Distance comparison function

Hash Type

Returns hashtype.Float64 - a normalized descriptor vector. Hash size = gridX × gridY × totalOrientations
  • With default 4×4 grid: 320 values (4 × 4 × 20 orientations)
  • With 8×8 grid: 1280 values

Distance Metric

Default comparison uses Cosine distance. Lower values indicate more similar scene structure.

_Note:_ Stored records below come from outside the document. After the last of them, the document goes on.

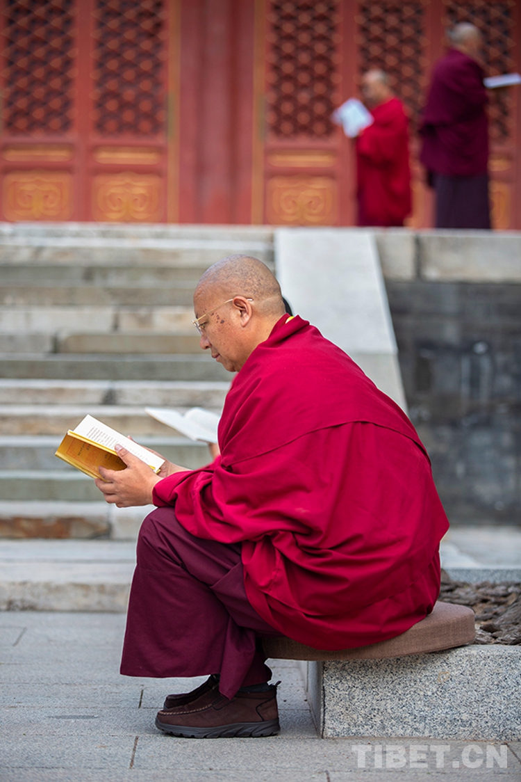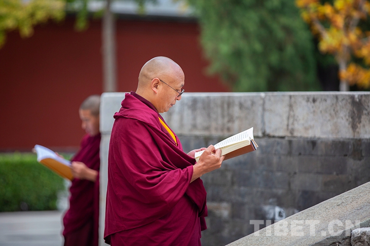 中國西藏網訊 10月29日,深秋的清晨,位于北京西黃寺的中國藏語系高級佛學院內,古柏蒼蒼,清凈肅穆。還有半個小時,2020年藏傳佛教第十六屆“拓然巴”高級學銜畢業考試辯經考試就將準時開始。等待參加辯經考試的學僧們,正在西黃寺大殿前誦經,抓緊時間為考試進行最后的準備。大家或席地而坐,或立定一隅,或踱步前行,梵唱聲聲,余音繞梁。(中國西藏網 攝影/許娜 編輯/周晶)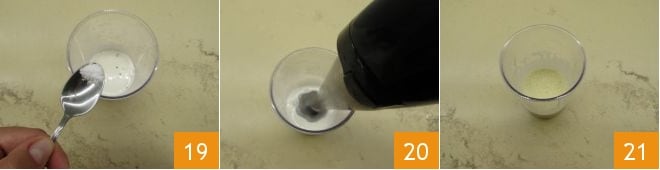 Ajoutez une pincée de sel 19 et mixez le tout avec un mixeur plongeant pendant quelques minutes 20, jusqu'à obtenir un mélange homogène 21.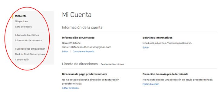3- Una vez que ingreses a la sección "MI CUENTA" podrás tener un seguimiento de tu comportamiento dentro de la WEB, comprobar el estado de tus pedidos, observar tus pedidos anteriores e incluso y enterarte si un producto de tu interés vuelve a tener stock, cambiar tu contraseña y configuración de tu cuenta en general, asegurando una experiencia personalizada.
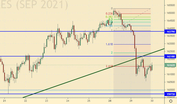 «Вряд ли на фоне перспектив увеличения ставки ЦБ РФ российский рынок акций будет продолжать рост», – сомневались мы вчера утром. День подтвердил наши опасения. В складывающихся обстоятельствах будем продавать при подъеме к 163000 с целями на 159600. Сегодня среда, день не самый продуктивный, а точнее, самый непродуктивный. Поэтому, откат вверх будет наиболее вероятным сценарием.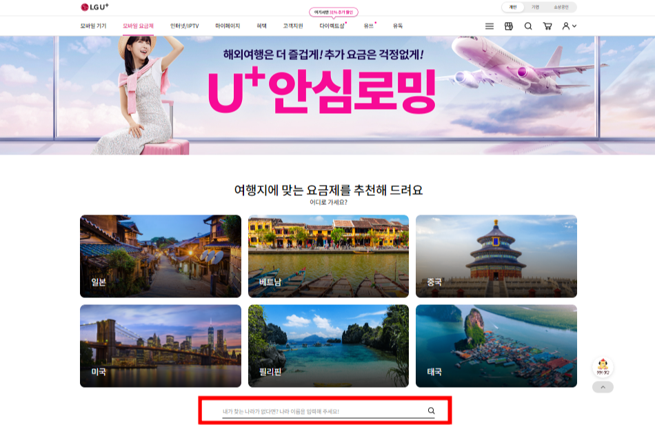 1. LG 유플러스 로밍 홈페이지에서 방문할 나라를 검색합니다.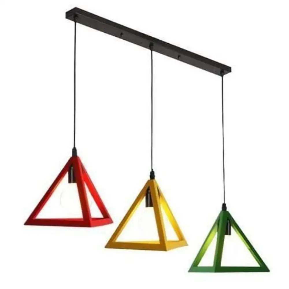 Κρεμαστό φωτιστικό με κόκκινο, κίτρινο και πράσινο χρώμα τρίγωνο (00400620). Το φωτιστικό αυτό είναι ιδανικό για τοποθέτηση σε σαλόνι ή δωμάτιο σπιτιού, σε μπαρ κτλ. Έχει ωραίο design και το χρώμα των πυραμίδων είναι σε κόκκινο, κίτρινο και πράσινο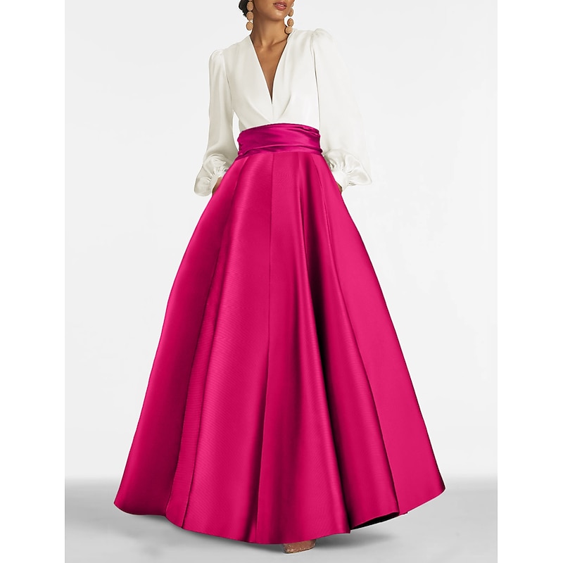 Highlights [Fabric] Crafted from luxurious satin, this evening gown offers a silky texture and subtle sheen, providing both comfort and elegance. The high-quality fabric ensures a lustrous finish, enhancing the graceful drape of the floor-length skirt. [Silhouette] Designed in a classic A-line shape, this elegant dress features a floor-length hemline that accentuates the silhouette beautifully. The high waist is emphasized with a wide sash, offering a flattering fit that enhances the feminine form. [Design Highlights] The gown showcases a sophisticated two-tone design with a striking contrast between the classic white top and vibrant fuchsia pink skirt. The deep V-neckline is adorned with delicate pleats, while the slightly puffed long sleeves add a touch of vintage charm. A zipper closure ensures a seamless, elegant appearance. [Occasions] Ideal for prom, formal events, and weddings, this evening gown is a standout choice for any special occasion. Its elegant design and vibrant color contrast make it suitable for wedding guests and other formal gatherings, adding charm and style. [Size] Available in a wide range of sizes, this gown accommodates various body types and preferences. From US size 0 to 26W, including custom measurements for a perfect fit, it ensures every woman can find her ideal size.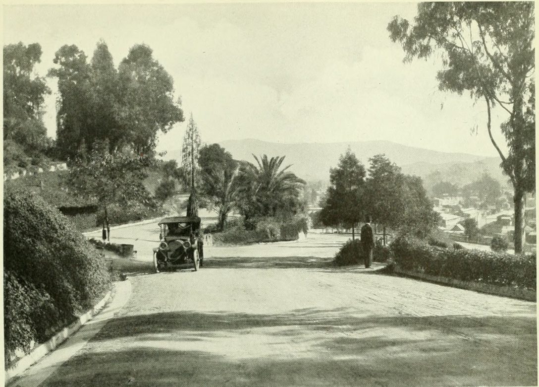 "The site selected for the pueblo of Los Angeles was picturesque and romantic. From where Alameda street now is to the eastern bank of the river the land was covered with a dense growth of willows, cottonwoods and alders; while here and there, rising above the swampy copse, towered a giant aliso (sycamore). Wild grape vines festooned the branches of the trees and wild roses bloomed in profusion. Behind the narrow shelf of mesa land where the pueblo was located rose the brown hills, and in the distance towered the lofty Sierra Madre Mountains."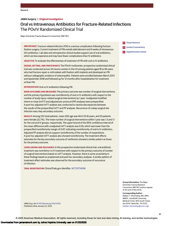 - Oral vs Intravenous Antibiotics for Fracture-Related Infections: The POvIV Randomized Clinical Trial.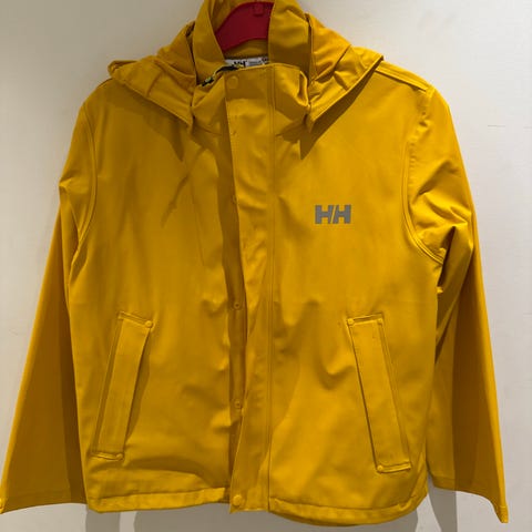 Pent brukt gul regnjakke fra Helly Hansen i juniorstørrelse 176 (tilsvarer ca. 16 år).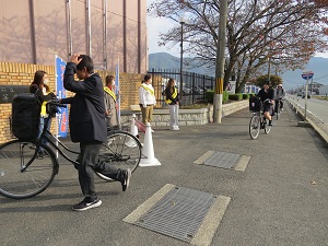 多くの保護者の方に御参加いただき、校門前で生徒一人ひとりにあいさつをしてくださっていました。生徒も元気よくあいさつを返していました。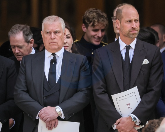 London, UK, 16th Sep 2025. HRH King Charles III, The Prince and Princess of Wales Prince William and Princess Catherine, Anne the Princess Royal, Prince Andrew The Duke and Duchess of York, Prince Michael of Kent and other senior members of the Royal Family all pay their last respects as the coffin is carried to the hearse. They then depart from Westminster Cathedral after the a requiem mass, a Catholic funeral service held for the Duchess of Kent, who passed away on 4 Sep., Credit:Imageplotter / Avalon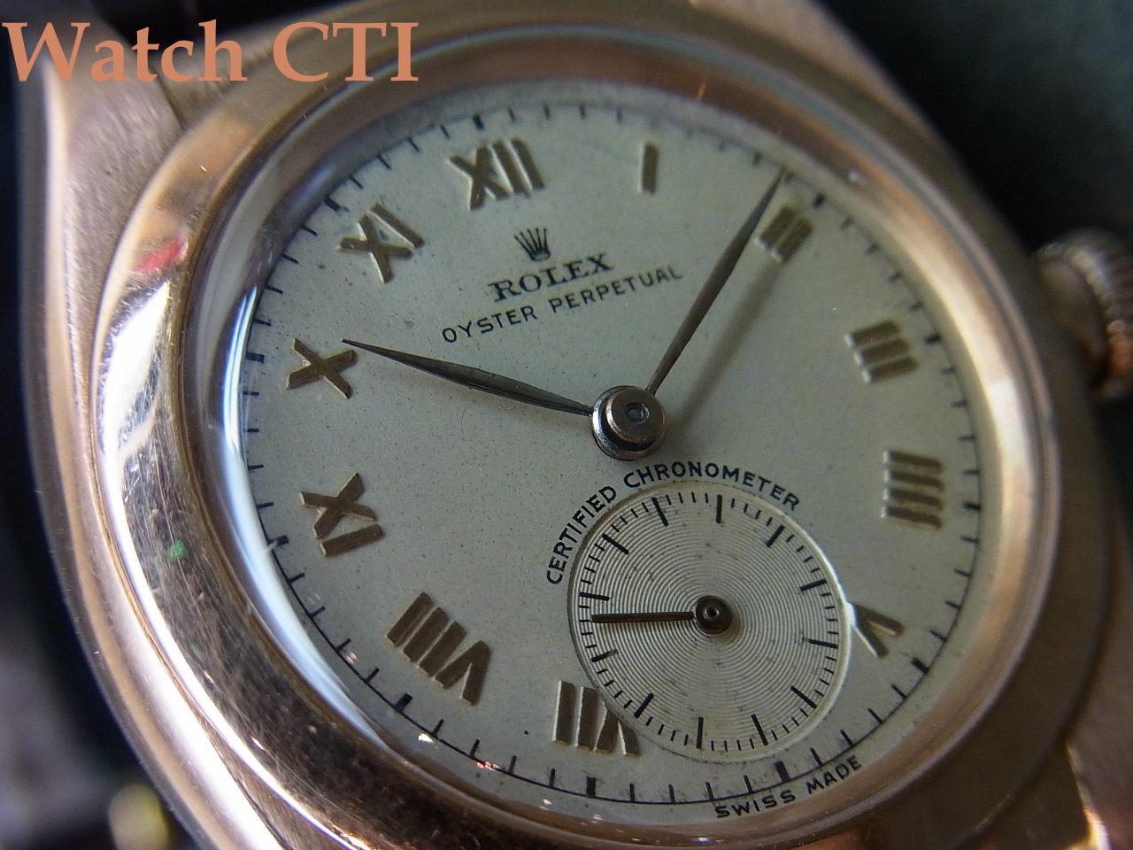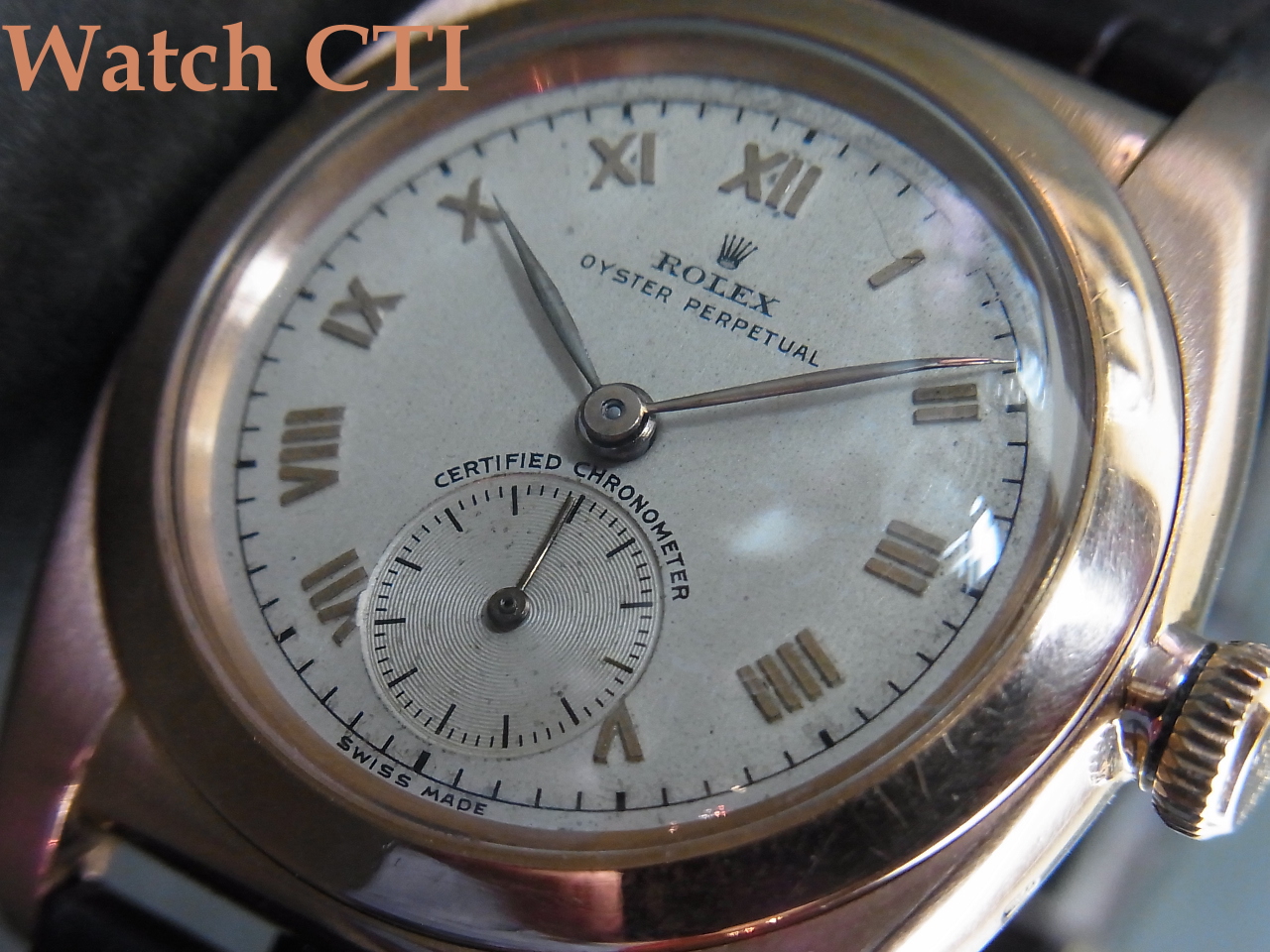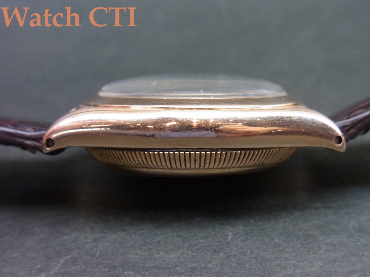 ..が、この個体!!結構良いですね~全体にそれなりに使い込まれてはおりますが、ケース厚もしっかりありますし大きくバランスを崩す箇所がございません!何より、ケース素材の18金ピンク(ローズ)の色合いが何ともヴィンテージ!!そしてスモセコにアプライド(エッチングです)のちびローマンという中々出会えないダイアルです!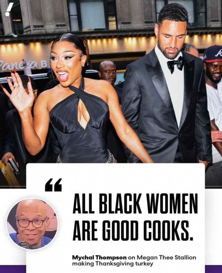 认可儿媳!今天是美国当地时间的感恩节。克莱·汤普森的父亲、两届NBA冠军迈克尔·汤普森表示,克莱的新女友Megan Thee Stallion将负责今年的火鸡大餐🦃。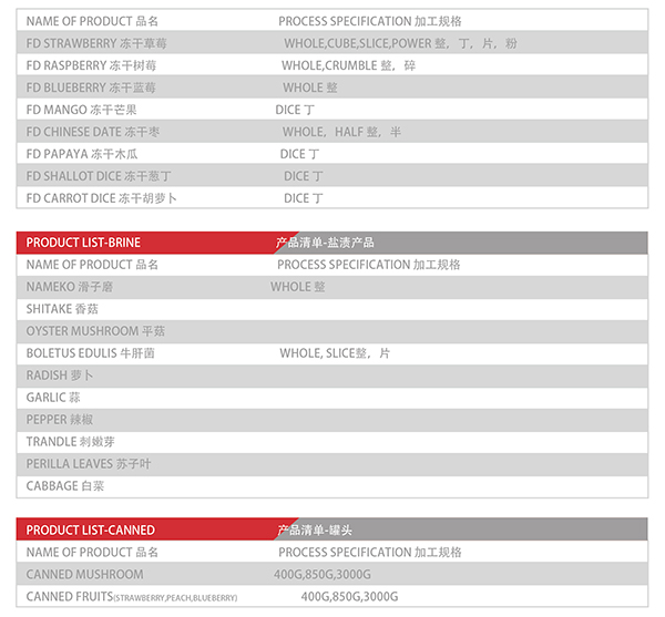 Freeze Dried Products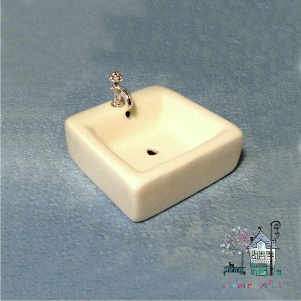 Miniaturowa, współczesna umywalka kwadratowa. Umywalka jest przeznaczona do zamontowania na blacie w łazience miniaturowego domku. Miniaturka wykonana jest z białej glinki i uszlachetniona porcelanową politurą.

You can override with:
  • similarity.L2 - Euclidean distance
  • similarity.L1 - Manhattan distance
  • Custom distance function

Grid Size Parameter

The grid size controls spatial granularity:
  • Smaller grids (4×4): Captures global scene structure, smaller hash
  • Larger grids (8×8, 16×16): More spatial detail, larger hash, more discriminative
  • Trade-off between descriptor size and spatial precision

Gabor Filter Bank

Fixed configuration (3 scales, 20 total orientations):
  • Wavelength 4: 8 orientations (fine details)
  • Wavelength 8: 8 orientations (medium scale)
  • Wavelength 12: 4 orientations (coarse structure)

Reference

Based on: A. Oliva and A. Torralba, “Modeling the Shape of the Scene: A Holistic Representation of the Spatial Envelope” (2001).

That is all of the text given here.